PROVIDED RECORDS:
○ ○ ○ ○ ○ ○ ○

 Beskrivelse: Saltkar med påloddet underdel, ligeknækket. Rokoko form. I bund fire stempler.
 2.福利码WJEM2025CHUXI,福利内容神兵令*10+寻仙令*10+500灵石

○ ○ ○ ○ ○ ○ ○

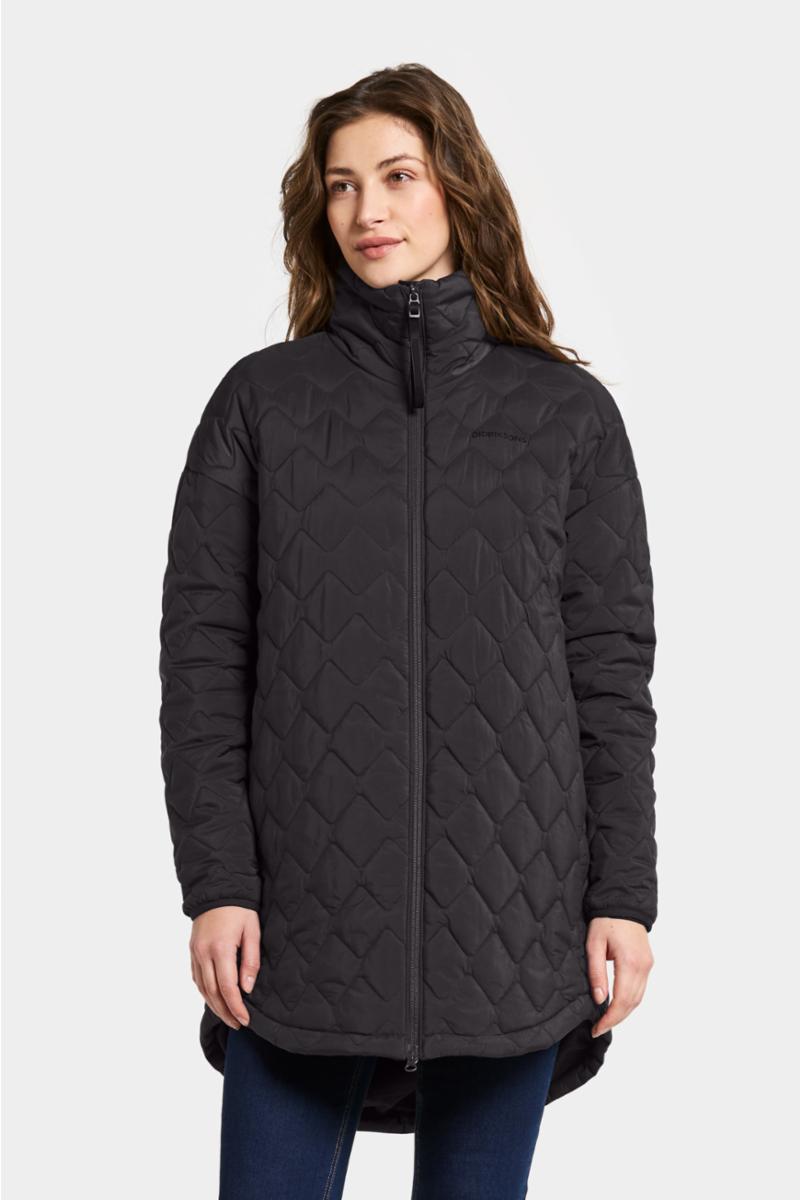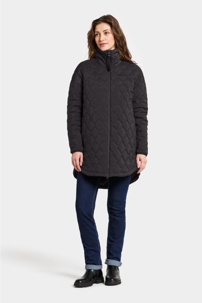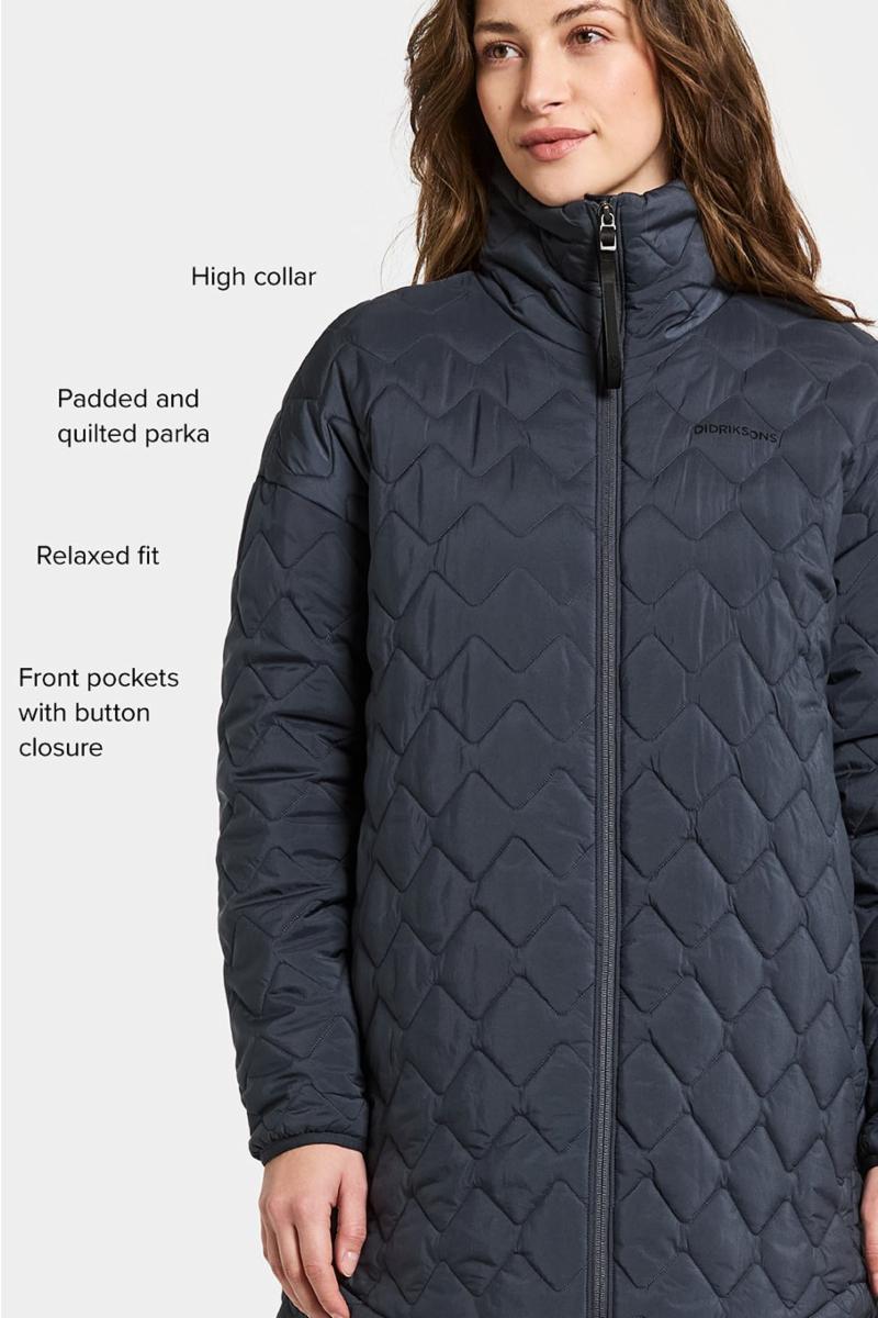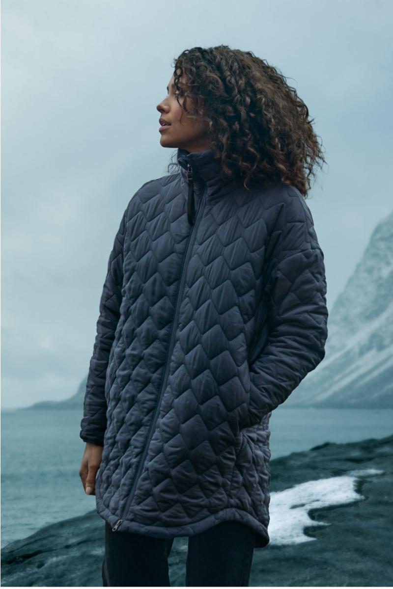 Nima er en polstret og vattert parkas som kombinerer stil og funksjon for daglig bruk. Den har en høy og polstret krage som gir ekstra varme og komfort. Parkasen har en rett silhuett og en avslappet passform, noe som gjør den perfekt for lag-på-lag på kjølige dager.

○ ○ ○ ○ ○ ○ ○

WHAT TO WORK ON:
Take the entries above and return only the lines from the one with "Beskrivelse: Saltkar med" to the one with "2.福利码WJEM2025C", both included, unchanged.

REPLY TO THE EXERCISE:
 Beskrivelse: Saltkar med påloddet underdel, ligeknækket. Rokoko form. I bund fire stempler.
 2.福利码WJEM2025CHUXI,福利内容神兵令*10+寻仙令*10+500灵石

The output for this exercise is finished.